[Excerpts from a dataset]
---
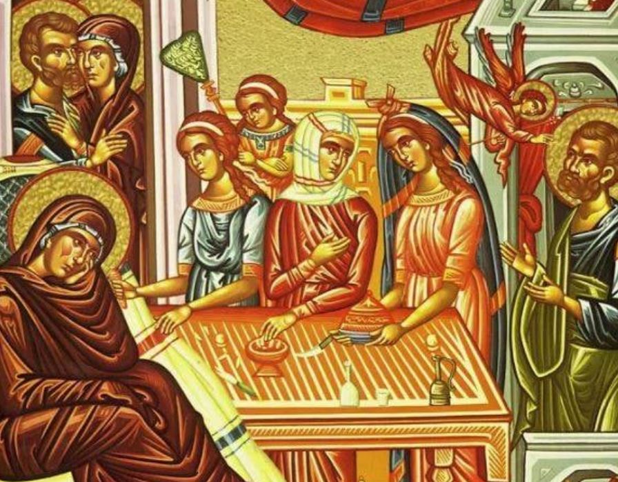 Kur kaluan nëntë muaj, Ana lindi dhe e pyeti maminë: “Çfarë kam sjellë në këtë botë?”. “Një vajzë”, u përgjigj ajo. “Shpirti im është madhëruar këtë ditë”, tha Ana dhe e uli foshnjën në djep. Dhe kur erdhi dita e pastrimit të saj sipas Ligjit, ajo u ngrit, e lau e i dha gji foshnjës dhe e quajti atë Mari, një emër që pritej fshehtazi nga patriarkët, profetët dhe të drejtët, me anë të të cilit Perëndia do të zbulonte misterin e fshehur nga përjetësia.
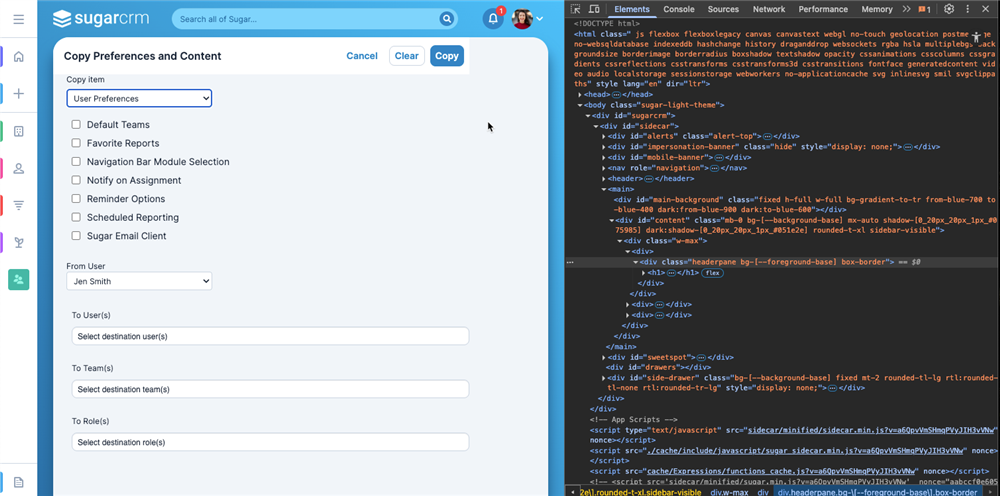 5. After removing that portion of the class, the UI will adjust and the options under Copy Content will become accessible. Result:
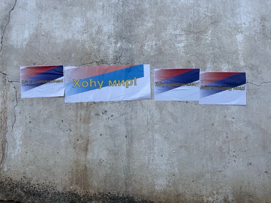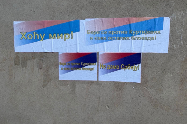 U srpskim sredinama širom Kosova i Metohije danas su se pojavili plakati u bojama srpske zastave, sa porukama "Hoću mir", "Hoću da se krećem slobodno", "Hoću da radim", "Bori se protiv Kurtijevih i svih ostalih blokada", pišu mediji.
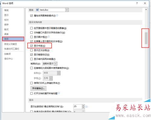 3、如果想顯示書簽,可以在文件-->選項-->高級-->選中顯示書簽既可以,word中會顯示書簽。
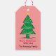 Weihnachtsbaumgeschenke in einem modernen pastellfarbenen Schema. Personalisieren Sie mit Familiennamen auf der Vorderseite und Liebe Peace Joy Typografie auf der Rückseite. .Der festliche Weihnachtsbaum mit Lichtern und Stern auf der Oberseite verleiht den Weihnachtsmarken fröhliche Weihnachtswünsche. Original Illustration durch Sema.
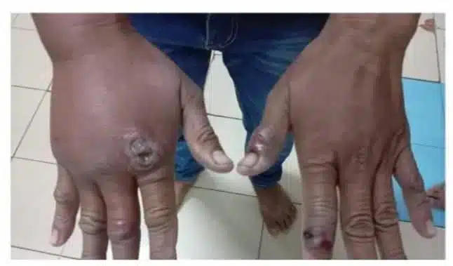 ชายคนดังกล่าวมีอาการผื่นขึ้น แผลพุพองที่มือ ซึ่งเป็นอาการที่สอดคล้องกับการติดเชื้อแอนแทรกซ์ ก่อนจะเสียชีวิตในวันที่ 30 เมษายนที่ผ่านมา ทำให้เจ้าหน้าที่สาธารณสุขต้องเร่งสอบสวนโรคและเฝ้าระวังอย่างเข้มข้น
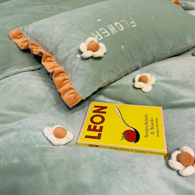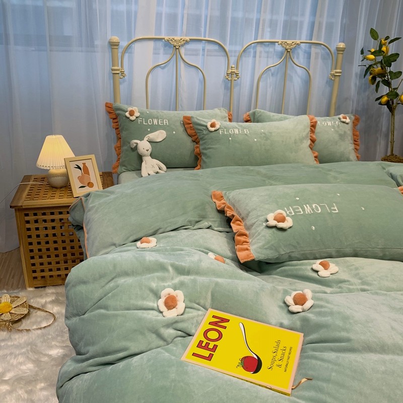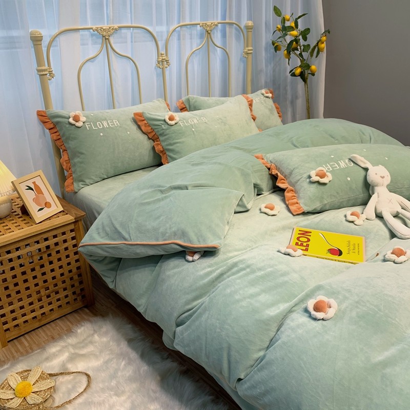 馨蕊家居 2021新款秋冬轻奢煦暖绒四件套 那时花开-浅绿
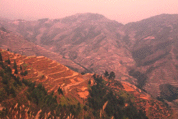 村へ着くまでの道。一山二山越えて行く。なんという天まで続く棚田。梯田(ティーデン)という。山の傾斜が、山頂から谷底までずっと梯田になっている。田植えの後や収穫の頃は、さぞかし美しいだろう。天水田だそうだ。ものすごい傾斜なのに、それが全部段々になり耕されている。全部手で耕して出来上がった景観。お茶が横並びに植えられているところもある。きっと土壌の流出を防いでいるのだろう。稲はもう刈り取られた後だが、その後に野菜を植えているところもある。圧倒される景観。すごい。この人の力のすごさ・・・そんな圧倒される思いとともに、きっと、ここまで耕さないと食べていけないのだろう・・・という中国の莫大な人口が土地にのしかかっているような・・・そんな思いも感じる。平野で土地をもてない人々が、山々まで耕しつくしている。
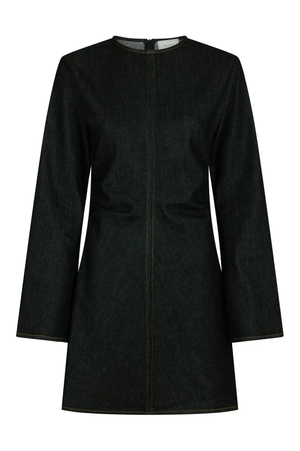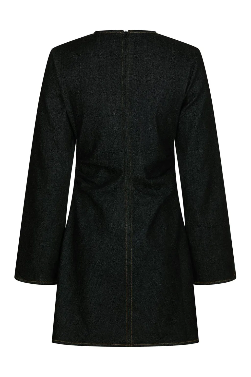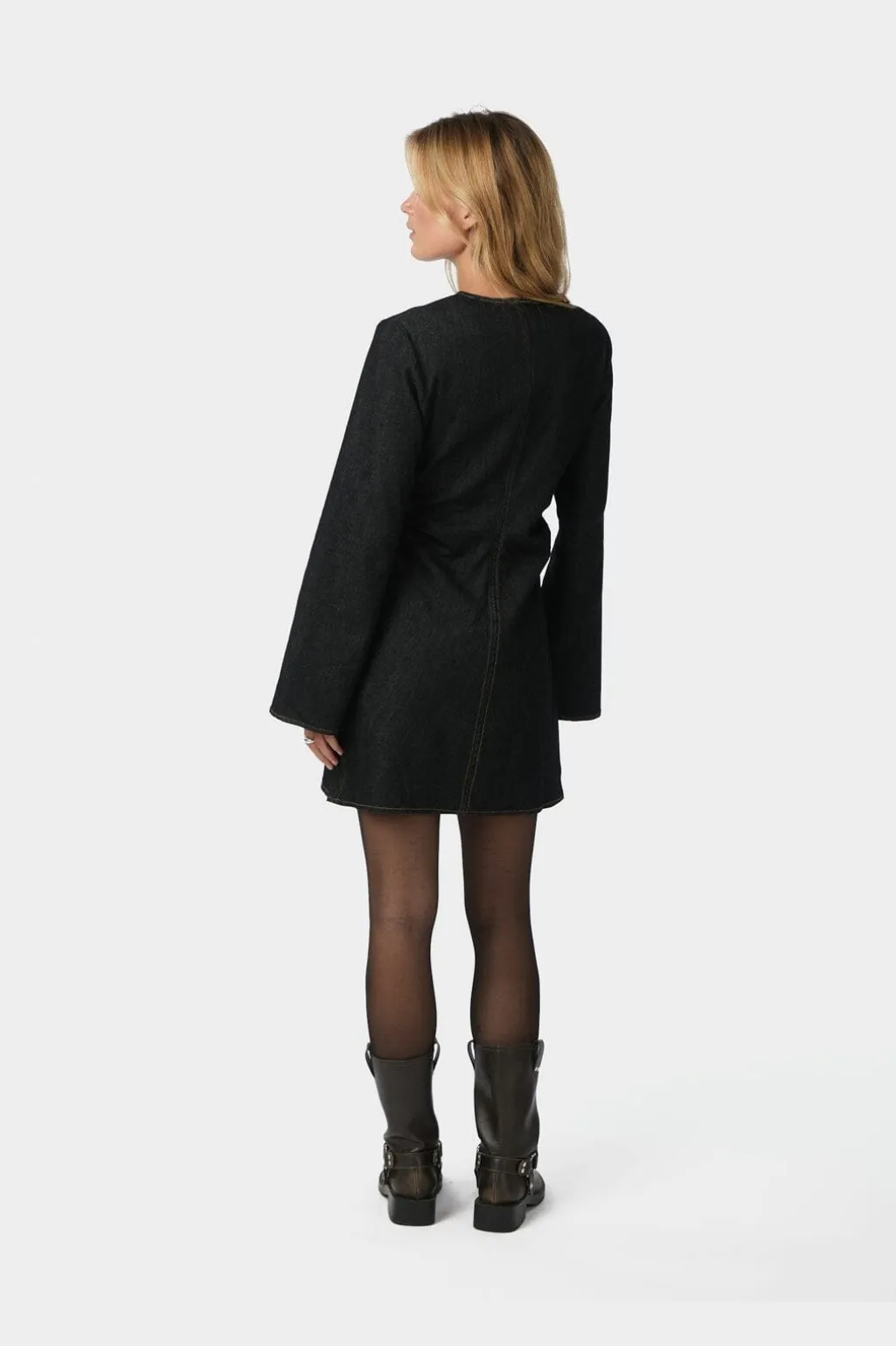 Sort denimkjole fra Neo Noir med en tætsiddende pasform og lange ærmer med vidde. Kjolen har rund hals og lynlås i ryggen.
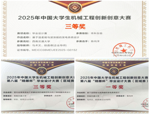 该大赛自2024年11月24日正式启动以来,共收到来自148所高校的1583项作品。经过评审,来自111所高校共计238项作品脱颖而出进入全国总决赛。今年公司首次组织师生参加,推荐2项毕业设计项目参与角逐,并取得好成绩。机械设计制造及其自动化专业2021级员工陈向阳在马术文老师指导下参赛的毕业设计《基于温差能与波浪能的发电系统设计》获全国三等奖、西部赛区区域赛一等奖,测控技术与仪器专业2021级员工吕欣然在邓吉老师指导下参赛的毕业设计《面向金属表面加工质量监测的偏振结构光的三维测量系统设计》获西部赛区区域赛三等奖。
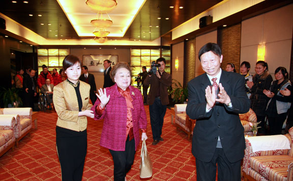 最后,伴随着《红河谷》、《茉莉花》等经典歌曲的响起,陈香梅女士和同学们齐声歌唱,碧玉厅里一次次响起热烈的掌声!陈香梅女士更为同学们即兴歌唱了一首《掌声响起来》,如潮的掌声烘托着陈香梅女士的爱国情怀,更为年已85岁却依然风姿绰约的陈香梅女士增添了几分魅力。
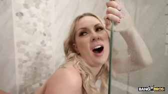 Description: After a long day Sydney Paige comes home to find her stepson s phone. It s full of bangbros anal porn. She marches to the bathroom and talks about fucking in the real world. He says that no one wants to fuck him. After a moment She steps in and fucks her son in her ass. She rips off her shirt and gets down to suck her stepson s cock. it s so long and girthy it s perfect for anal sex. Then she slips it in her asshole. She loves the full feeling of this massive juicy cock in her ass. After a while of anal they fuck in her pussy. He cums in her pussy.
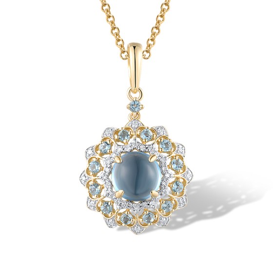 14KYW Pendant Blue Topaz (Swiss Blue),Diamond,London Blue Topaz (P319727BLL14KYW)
---
## WORK ORDER
Your task is to restate word for word the lines from the top of the data to the line containing "馨蕊家居 2021新款秋冬轻奢煦暖绒四件套 那时花开-浅绿", both ends included, with every picture left out.

## WRITTEN SOLUTION
 Kur kaluan nëntë muaj, Ana lindi dhe e pyeti maminë: “Çfarë kam sjellë në këtë botë?”. “Një vajzë”, u përgjigj ajo. “Shpirti im është madhëruar këtë ditë”, tha Ana dhe e uli foshnjën në djep. Dhe kur erdhi dita e pastrimit të saj sipas Ligjit, ajo u ngrit, e lau e i dha gji foshnjës dhe e quajti atë Mari, një emër që pritej fshehtazi nga patriarkët, profetët dhe të drejtët, me anë të të cilit Perëndia do të zbulonte misterin e fshehur nga përjetësia.
 5. After removing that portion of the class, the UI will adjust and the options under Copy Content will become accessible. Result:
 U srpskim sredinama širom Kosova i Metohije danas su se pojavili plakati u bojama srpske zastave, sa porukama "Hoću mir", "Hoću da se krećem slobodno", "Hoću da radim", "Bori se protiv Kurtijevih i svih ostalih blokada", pišu mediji.
 3、如果想顯示書簽,可以在文件-->選項-->高級-->選中顯示書簽既可以,word中會顯示書簽。
 Weihnachtsbaumgeschenke in einem modernen pastellfarbenen Schema. Personalisieren Sie mit Familiennamen auf der Vorderseite und Liebe Peace Joy Typografie auf der Rückseite. .Der festliche Weihnachtsbaum mit Lichtern und Stern auf der Oberseite verleiht den Weihnachtsmarken fröhliche Weihnachtswünsche. Original Illustration durch Sema.
 ชายคนดังกล่าวมีอาการผื่นขึ้น แผลพุพองที่มือ ซึ่งเป็นอาการที่สอดคล้องกับการติดเชื้อแอนแทรกซ์ ก่อนจะเสียชีวิตในวันที่ 30 เมษายนที่ผ่านมา ทำให้เจ้าหน้าที่สาธารณสุขต้องเร่งสอบสวนโรคและเฝ้าระวังอย่างเข้มข้น
 馨蕊家居 2021新款秋冬轻奢煦暖绒四件套 那时花开-浅绿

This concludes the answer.